— THE TASK —
Please output the data exactly, minus pictures.

— COLLECTED MATERIAL —
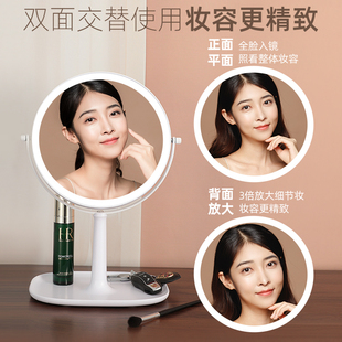 镜子化妆镜桌面台式 带灯LED家用卧室补光镜梳妆台圆镜子高清温馨
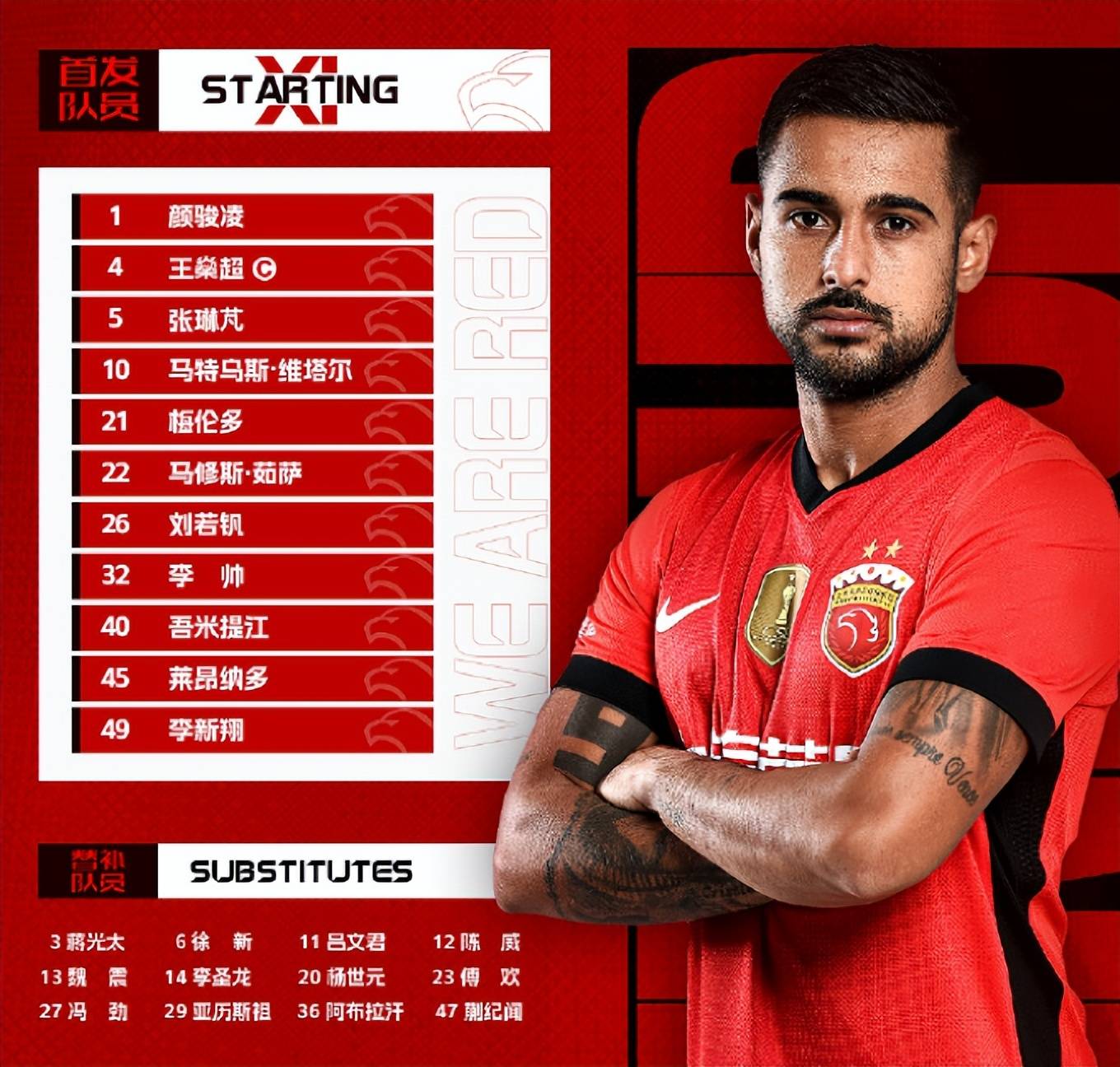 上海海港 首发球员:张琳芃、颜骏凌、王燊超、马特乌斯-茹萨、莱昂纳多、马特乌斯-维塔尔、梅伦多、李帅、刘若钒、吾米提江-玉苏普、李新翔
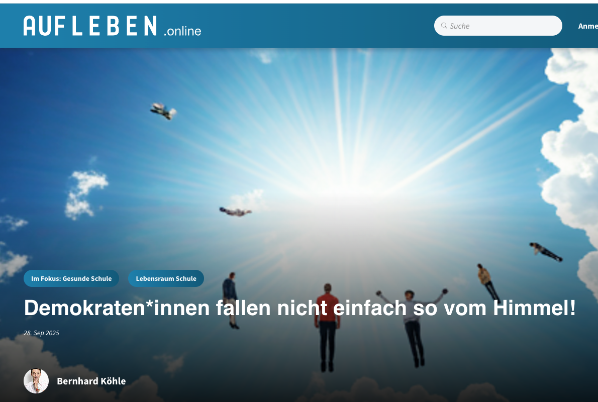 In den Bereichen „Gesunde Schulen“ und „Lebensraum Schule“ hat „AUFLEBEN.online“ (9/2025) unseren Fachbeitrag „Demokrat*innen fallen nicht einfach so vom Himmel“ veröffentlich, indem wir praxisnah darlegen, wie frühe Demokratiebildung schon in der Volksschule gelingen kann.

— ANSWER TO THE EXERCISE —
 镜子化妆镜桌面台式 带灯LED家用卧室补光镜梳妆台圆镜子高清温馨
 上海海港 首发球员:张琳芃、颜骏凌、王燊超、马特乌斯-茹萨、莱昂纳多、马特乌斯-维塔尔、梅伦多、李帅、刘若钒、吾米提江-玉苏普、李新翔
 In den Bereichen „Gesunde Schulen“ und „Lebensraum Schule“ hat „AUFLEBEN.online“ (9/2025) unseren Fachbeitrag „Demokrat*innen fallen nicht einfach so vom Himmel“ veröffentlich, indem wir praxisnah darlegen, wie frühe Demokratiebildung schon in der Volksschule gelingen kann.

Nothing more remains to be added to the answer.